It is estimated that more than 80 per cent of global trade between peoples and communities all over the world is conducted through International shipping. Experts argue, albeit, rightly, that shipping is the most efficient and cost-effective method of international transportation for most goods as it provides a dependable, low-cost means of moving goods globally, facilitating commerce and helping to create prosperity among nations and peoples.
Because of these advantages, the world has come to rely on it as a safe, secure and efficient means of transportation which is an essential component of any programme for future sustainable green economic growth.
Invariably, the promotion of sustainable shipping and sustainable maritime development is one of the major priorities of the International Maritime Organisation (IMO) in the coming years.
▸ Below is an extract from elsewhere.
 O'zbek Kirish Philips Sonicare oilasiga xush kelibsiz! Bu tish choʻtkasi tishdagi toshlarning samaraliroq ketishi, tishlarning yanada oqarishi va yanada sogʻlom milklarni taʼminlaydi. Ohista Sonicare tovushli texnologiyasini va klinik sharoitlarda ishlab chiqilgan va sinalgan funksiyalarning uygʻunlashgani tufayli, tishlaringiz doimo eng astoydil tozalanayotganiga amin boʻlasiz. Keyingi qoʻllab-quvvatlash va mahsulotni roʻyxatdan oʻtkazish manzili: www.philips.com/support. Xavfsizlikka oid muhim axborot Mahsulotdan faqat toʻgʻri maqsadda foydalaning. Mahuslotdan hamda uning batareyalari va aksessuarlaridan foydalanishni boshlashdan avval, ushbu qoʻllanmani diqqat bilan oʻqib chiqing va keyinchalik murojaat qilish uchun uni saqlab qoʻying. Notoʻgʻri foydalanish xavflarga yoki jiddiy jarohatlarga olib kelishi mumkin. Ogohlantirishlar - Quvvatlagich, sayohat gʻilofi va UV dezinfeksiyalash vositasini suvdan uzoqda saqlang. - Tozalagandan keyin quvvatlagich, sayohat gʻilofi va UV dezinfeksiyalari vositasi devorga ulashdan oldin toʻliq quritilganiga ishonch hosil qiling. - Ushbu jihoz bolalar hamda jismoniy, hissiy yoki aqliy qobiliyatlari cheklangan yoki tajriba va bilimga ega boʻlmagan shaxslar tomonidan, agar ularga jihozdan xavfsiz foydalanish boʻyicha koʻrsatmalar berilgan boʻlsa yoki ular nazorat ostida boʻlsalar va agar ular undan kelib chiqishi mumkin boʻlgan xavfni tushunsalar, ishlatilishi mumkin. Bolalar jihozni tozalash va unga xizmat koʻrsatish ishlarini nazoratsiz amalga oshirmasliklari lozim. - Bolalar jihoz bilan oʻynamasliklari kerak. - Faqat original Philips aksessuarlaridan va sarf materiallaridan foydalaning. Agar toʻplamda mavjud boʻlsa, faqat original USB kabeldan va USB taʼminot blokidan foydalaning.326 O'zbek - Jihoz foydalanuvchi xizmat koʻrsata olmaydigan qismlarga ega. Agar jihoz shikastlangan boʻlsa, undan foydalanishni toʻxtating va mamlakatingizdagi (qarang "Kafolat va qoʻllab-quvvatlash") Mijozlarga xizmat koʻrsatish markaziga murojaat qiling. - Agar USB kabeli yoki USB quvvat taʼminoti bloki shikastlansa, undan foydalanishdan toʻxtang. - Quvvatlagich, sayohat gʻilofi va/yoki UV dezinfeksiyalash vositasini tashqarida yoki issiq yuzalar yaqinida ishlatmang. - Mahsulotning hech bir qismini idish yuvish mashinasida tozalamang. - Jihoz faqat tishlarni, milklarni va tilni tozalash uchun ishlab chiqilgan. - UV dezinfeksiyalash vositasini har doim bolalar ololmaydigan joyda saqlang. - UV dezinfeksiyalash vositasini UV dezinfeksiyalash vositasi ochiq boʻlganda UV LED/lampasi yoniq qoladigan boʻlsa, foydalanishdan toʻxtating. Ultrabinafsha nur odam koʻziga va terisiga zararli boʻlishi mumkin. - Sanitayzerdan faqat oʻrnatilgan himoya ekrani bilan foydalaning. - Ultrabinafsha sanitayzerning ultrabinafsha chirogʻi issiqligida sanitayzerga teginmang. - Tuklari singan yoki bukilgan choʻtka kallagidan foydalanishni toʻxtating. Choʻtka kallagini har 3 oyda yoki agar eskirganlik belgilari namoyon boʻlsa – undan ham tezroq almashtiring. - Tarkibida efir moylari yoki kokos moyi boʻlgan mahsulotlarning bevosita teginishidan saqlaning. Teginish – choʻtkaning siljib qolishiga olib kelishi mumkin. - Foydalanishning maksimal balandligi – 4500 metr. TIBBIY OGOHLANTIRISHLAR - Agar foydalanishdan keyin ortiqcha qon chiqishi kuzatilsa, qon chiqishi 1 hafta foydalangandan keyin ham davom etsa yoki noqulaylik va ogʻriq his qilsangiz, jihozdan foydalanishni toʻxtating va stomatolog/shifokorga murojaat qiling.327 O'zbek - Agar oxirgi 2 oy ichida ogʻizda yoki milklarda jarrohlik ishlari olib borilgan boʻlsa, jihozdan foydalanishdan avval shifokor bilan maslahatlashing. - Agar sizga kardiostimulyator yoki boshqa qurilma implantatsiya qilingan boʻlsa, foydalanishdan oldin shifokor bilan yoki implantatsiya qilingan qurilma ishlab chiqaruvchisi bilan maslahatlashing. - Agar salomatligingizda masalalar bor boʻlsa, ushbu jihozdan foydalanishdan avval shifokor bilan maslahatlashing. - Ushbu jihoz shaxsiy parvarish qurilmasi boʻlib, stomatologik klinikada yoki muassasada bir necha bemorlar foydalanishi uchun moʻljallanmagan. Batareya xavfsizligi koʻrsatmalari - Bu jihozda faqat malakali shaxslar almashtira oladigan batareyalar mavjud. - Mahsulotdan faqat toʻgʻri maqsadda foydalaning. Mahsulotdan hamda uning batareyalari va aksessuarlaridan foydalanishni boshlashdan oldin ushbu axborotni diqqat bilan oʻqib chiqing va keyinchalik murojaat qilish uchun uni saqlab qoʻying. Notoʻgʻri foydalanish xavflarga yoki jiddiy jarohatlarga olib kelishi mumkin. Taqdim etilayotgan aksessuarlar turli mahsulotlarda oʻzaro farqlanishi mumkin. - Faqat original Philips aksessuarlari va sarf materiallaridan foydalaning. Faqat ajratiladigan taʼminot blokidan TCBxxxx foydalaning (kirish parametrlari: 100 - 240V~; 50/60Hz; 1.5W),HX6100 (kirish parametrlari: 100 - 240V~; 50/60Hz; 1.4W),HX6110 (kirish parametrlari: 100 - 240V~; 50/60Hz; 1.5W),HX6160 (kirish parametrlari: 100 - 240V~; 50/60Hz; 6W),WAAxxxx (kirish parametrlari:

Therefore, the development and implementation of global standards will require energy efficiency, new technology and innovation, maritime education and training, maritime security, maritime traffic management and the development of the maritime infrastructure. These requirements will also underpin IMO’s commitment to provide the institutional framework necessary for a green and sustainable global maritime transportation system.
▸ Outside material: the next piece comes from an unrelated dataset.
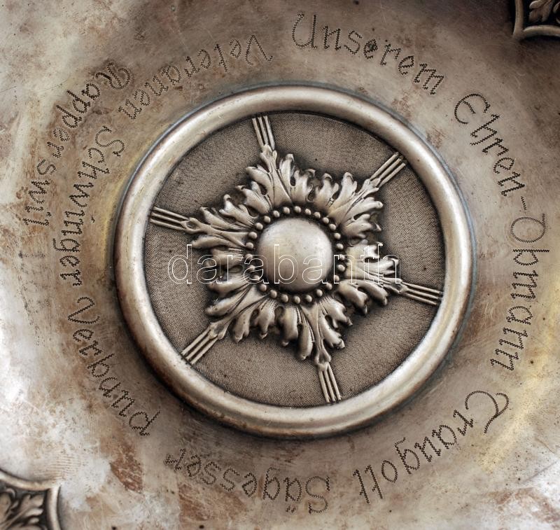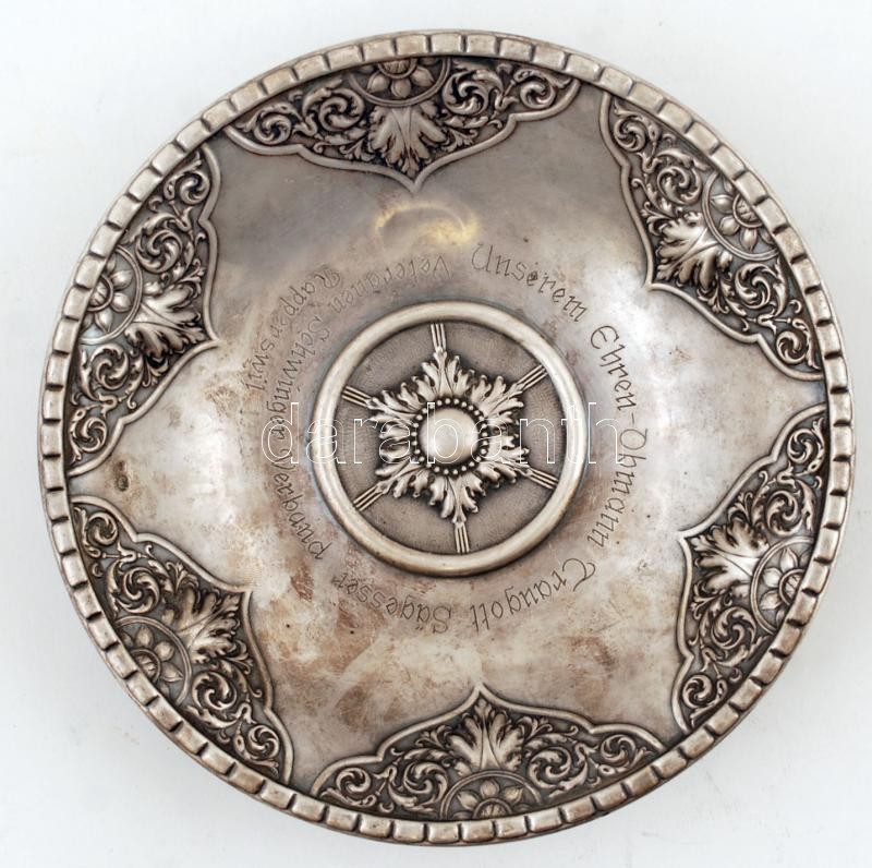 Beschreibung: Ezüstözött dísztál, fém, jelzett, d:26 cm, m:6,5 cm

It is from this perspective that the theme for this year’s event: Sustainable Shipping for a Sustainable Planet, becomes immensely apt as it provides an excellent opportunity to raise awareness of the United Nations’ Sustainable Development Goals (SDGs) and to showcase the work that the International Maritime Organization (IMO) and its member states are undertaking to achieve the targets. Hopefully, it will provide opportunities for leaders from various sectors, including shipping, to both reflect on the work done and the urgent steps they further plan towards a sustainable future.
As the world grapples with the way and means of ensuring an effective and efficient maritime service, COVID-19 pandemic seem to have further highlighted the professionalism and, in particular, the sacrifice of the more than two million seafarers who serve on the world’s merchant fleet. These professionals make sure that, in spite of the personal risks involved, vital medical supplies, food and other basic goods that are critical for the COVID-19 response and recovery are delivered to their destinations. In doing this, it has also become obvious that the seafarers themselves face a humanitarian crisis as most of them have been stranded at sea, unable to get off the ships they operate with contracts extended by many months. Already, there are urgent calls demanding that governments designate seafarers as essential workers essentially to ensure that safe crew changes can take place.
In the meantime, it is important to observe that the shipping industry, with the support of the IMO regulatory framework, has already started the transition towards a sustainable future where maritime activities will continue to play the key role they have been playing in trade and commerce. To this extent, it is pertinent to point out that the IMO has adopted and will continue to develop measures to cut greenhouse gas emissions, reduce the sulphur content of ships’ fuel oil, implement the Ballast Water Management Convention, protect the polar regions, reduce marine litter, improve the efficiency of shipping through the electronic exchange of information, meet the challenges of the digitalization of shipping and enhance the participation of women in the maritime community.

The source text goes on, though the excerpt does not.